Fred helped me once or twice by suggesting edits on my own popular writing, and in gratitude I purchased, at long distance, a good bottle of Italian red wine at a store in Berkeley, and then told Fred to go pick it up.
As I said, Fred was a great guy, and despite the academic squabbles in which he participated (which show both his heterodoxy and his courage), he was a man of sanguinity and of even keel.

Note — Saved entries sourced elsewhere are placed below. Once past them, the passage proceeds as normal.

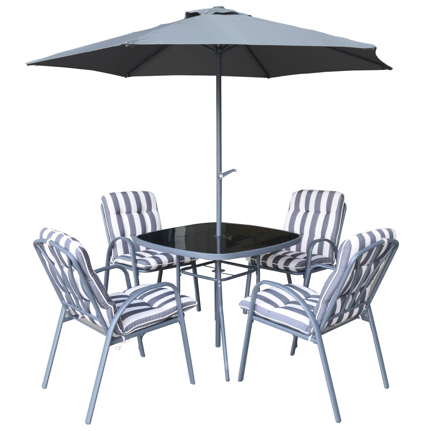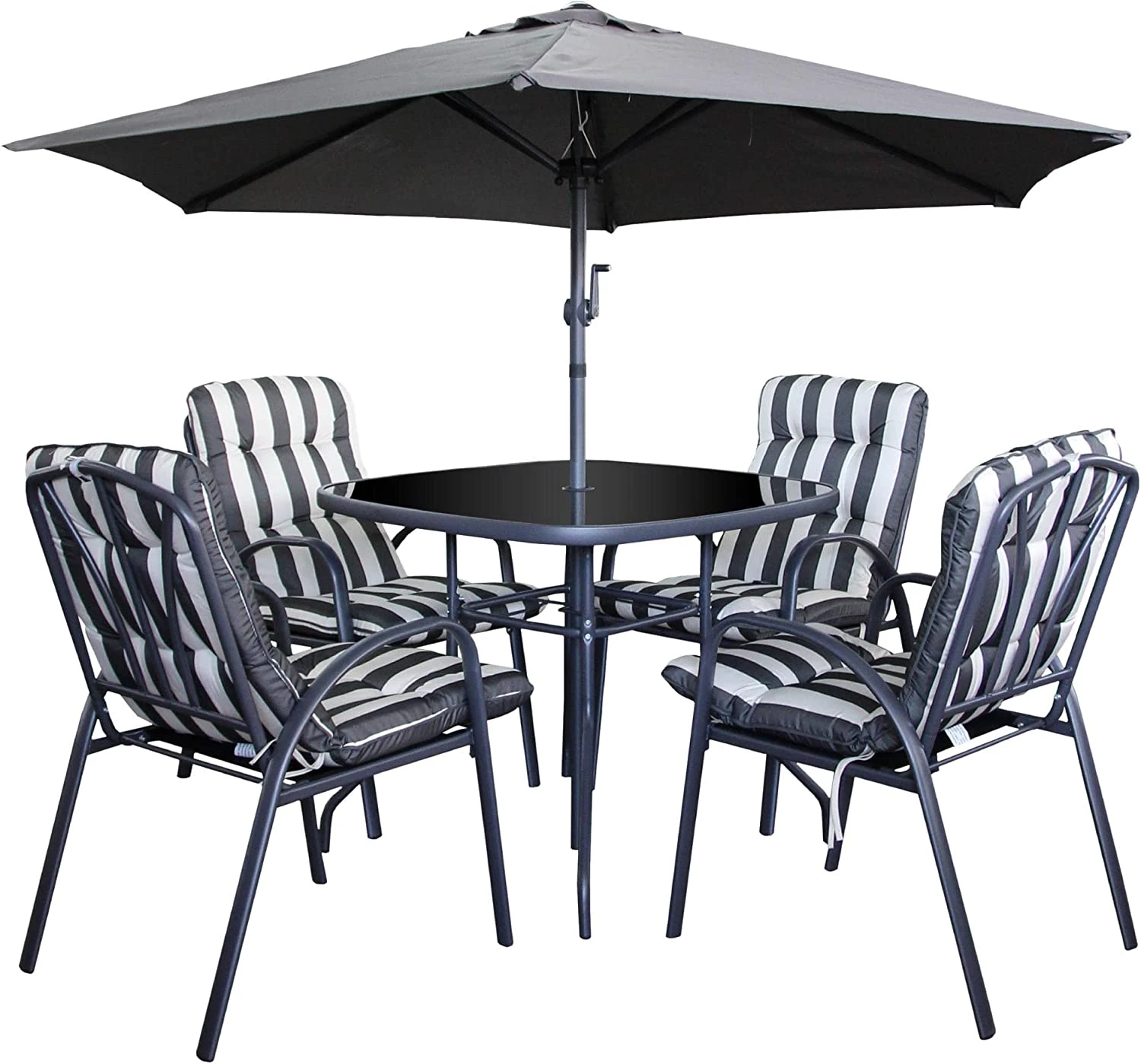 Bring a piece of your home outside with the Windsor 6 piece patio set – a steel furniture set complete with seat cushions for that little bit of outdoor luxury. With a grey and beige colour scheme, you can effortlessly match the design of the 6 piece patio set to any existing furniture and the glass table top makes it quick and easy to clean after use. As well as being a great garden 6 piece patio set for alfresco dining, the seat cushions make the Windsor chairs extremely comfortable, so sitting in one with a book and a chilled glass of wine is also an ideal way to make the most of the summer months. As with most of our patio sets, the 6 piece patio set comes complete with parasol to provide that perfect shady spot.
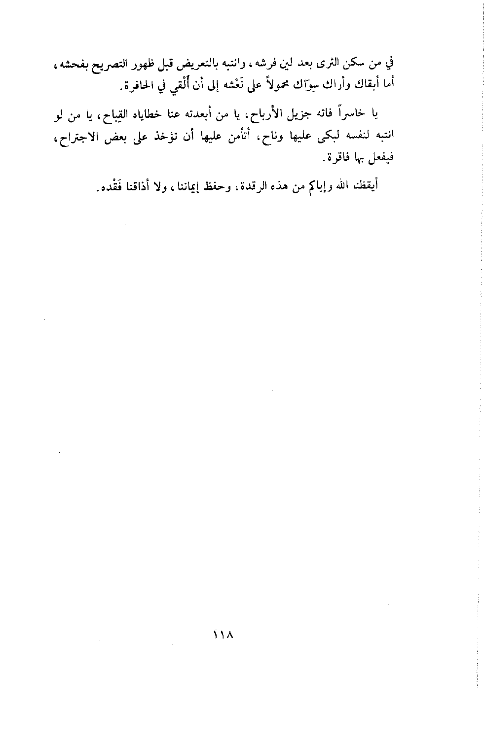 يَا خَاسِرًا فَاتَهُ جَزِيلُ الأَرْبَاحِ، يَا مَنْ أَبْعَدَتْهُ عَنَّا خَطَايَاهُ الْقِبَاحُ، يَا مَنْ لَوِ انْتَبَهَ لِنَفْسِهِ لَبَكَى عليها وَنَاحَ، أَتَأْمَنُ عَلَيْهَا أَنْ تُؤْخَذَ عَلَى بَعْضِ الاجْتِرَاحِ، فَيُفْعَلُ بِهَا فَاقِرَةٌ.
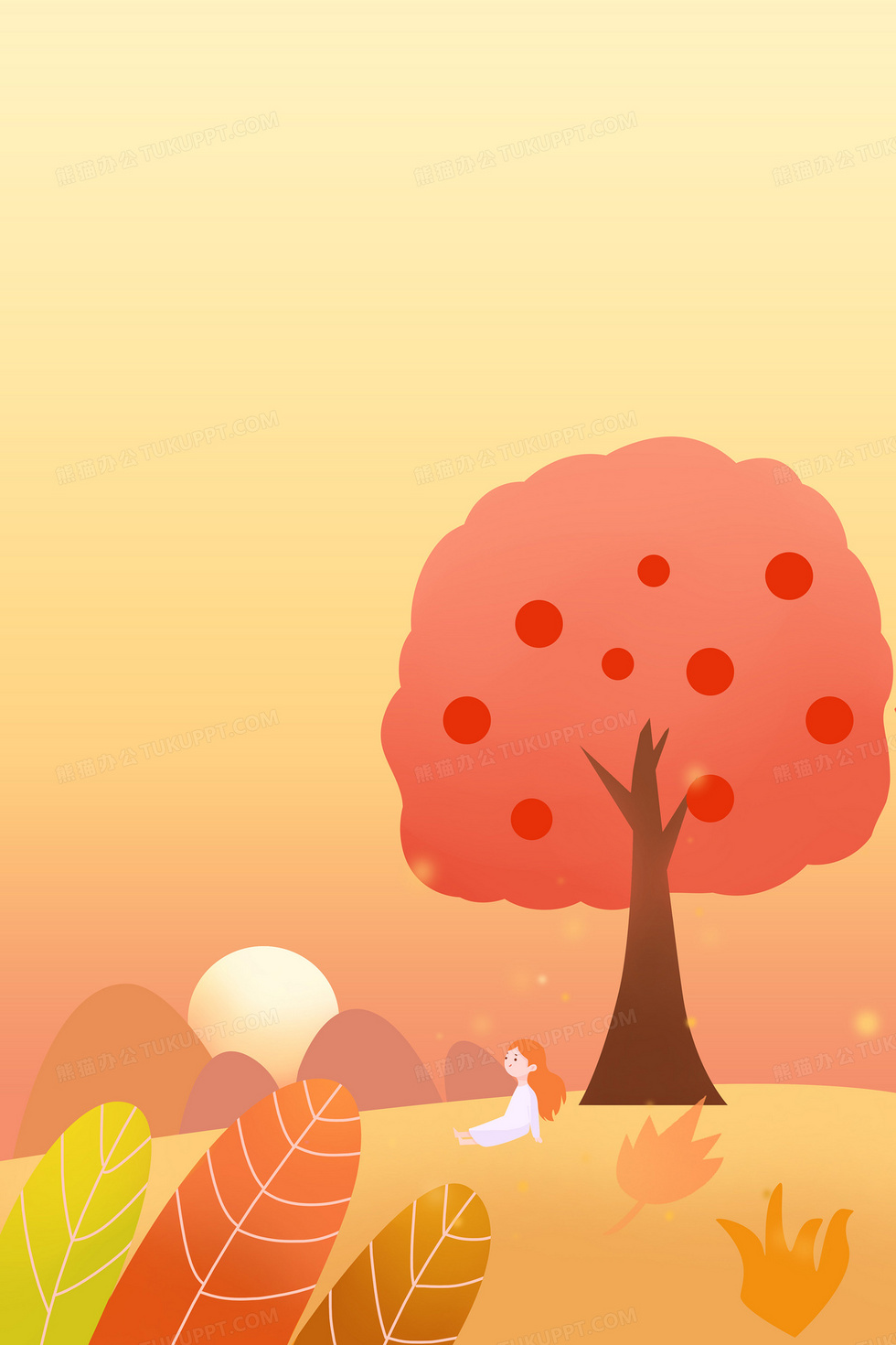 本作品内容为秋季女孩秋游唯美背景图, 格式为 psd, 大小9 MB, 图片尺寸为3543 x 5315, 作品中背景图片无需修改, 源文件无水印,可以直接使用, 欢迎使用熊猫办公。 如认为平台内容涉嫌侵权,可通过邮件:tousu@tukuppt.com提出书面通知,我们将及时处理。

His emails were works of art themselves, and during one of our exchanges I asked him what, given his numerous achievements (and battles), he thought was his most memorable accomplishment. I still have his response, and here it is (I’ve given a link to what he cites):
My most memorable feat, though it originated simply from a book review assignment, was the exposé “The Unknown Freud,” in NYRB, issue of 11/18/93. It caused the biggest hubbub in the magazine’s history. When there was a similar stir, a year later, regarding my piece on recovered memory, NYRB decided to turn the two controversies into a book (The Memory Wars: Freud’s Legacy in Dispute). Because I’ve always been a debater, the sparring with shrinks was a special pleasure.
Indeed!
After many years of e-communication, I finally met Fred and his wife Betty for lunch in Chicago in 2009. That was a great pleasure, and here’s a photo of Fred and Betty that I took in the restaurant. He doesn’t look like a man who would battle with shrinks and academics, does he?
No prayers need be offered, for Fred was a diehard atheist, but I’ve given a few thoughts in this short memoriam. The world in general, and especially the literary world, is poorer for his absence.